18 Feb
2014
Posted in: parenting
By    Comments Off on None of Your Business: Becoming Unaware

None of Your Business: Becoming Unaware

I know more times than not, people aren’t giving me as much thought as I selfishly think they are. Among the litany of issues I hope to teach my children to deal with, is how to navigate this world without being caught up in what may or may not be said about you.

I’ll bet there’s not a day that goes by when I don’t think, “What someone else thinks about you, is none of your business.” Just be who you are. Be content in your own skin.

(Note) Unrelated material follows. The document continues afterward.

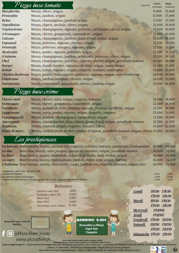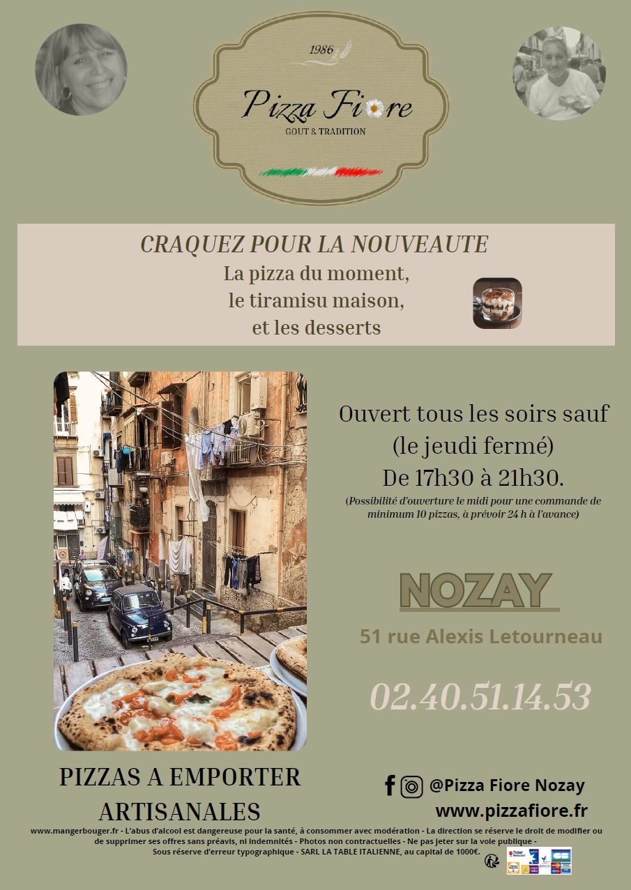 La PIZZA FIORE vous propose des pizzas à emporter que vous soyez fan des grands classiques comme la savoureuse Margherita, l'incontournable 4 Fromages ou que vous ayez envie de tenter une recette audacieuse et gourmande, Fernando se fera un plaisir de vous les préparer.

I feel ridiculous uttering these words to my children, when I struggle with it myself. In the almost 12 years of parenting I’ve done, I’ve learned most lessons are best learned with practical application not just rhetoric.

rasing the unaware

Our 4-year-old, A,  is a born performer. She dances and sings when she’s moved to do so, regardless of time or place. I spend the majority of time with her while the boys are at school and daddy at work. Her joyful outbursts don’t bother me nearly as much as they bother her brothers. Our nine-year-old, J,  is reserved, quiet and not prone to outbursts. My grocery shopping helpers tonight were A and J. Near the end of our excursion, A began belting out songs from Disney’s Frozen. Her hands were waving and facial expressions were lighting up her face. J was not impressed.

J: (leaning in close) “Mom make her stop singing. It’s so embarrassing.”
Me: “I don’t mind happy kids. She’s not bothering anyone.”
J: “Everyone is staring. Stop pushing the cart and look.”
Sure enough…everyone in the produce section was watching her and us. They were looking and smiling. They saw someone unabashedly filled with joy. She was gifting shoppers with a show among the apples and oranges.
Me: “People are looking at us, but they’re smiling. I’d much rather be caught with a child singing and drawing attention than one crying, screaming and throwing a fit.”
J: “Is she going to cry if you make her stop?”
Me: “Possibly.”
J to Me: “Fine. She can sing.”
J to A: “You’re singing is really nice.”

My daughter sang unaware of our conversation or people watching her. That’s what I wish for my children. I wish it was possible to go through life blissfully unaware of whispers and stares. It’s not realistic. At some point, we all are conscious of others’ observations of us. I hope to give my children the tools needed to not be overly aware of what others may or may not be thinking or saying about you. I hope a song is not squelched just because someone might be listening.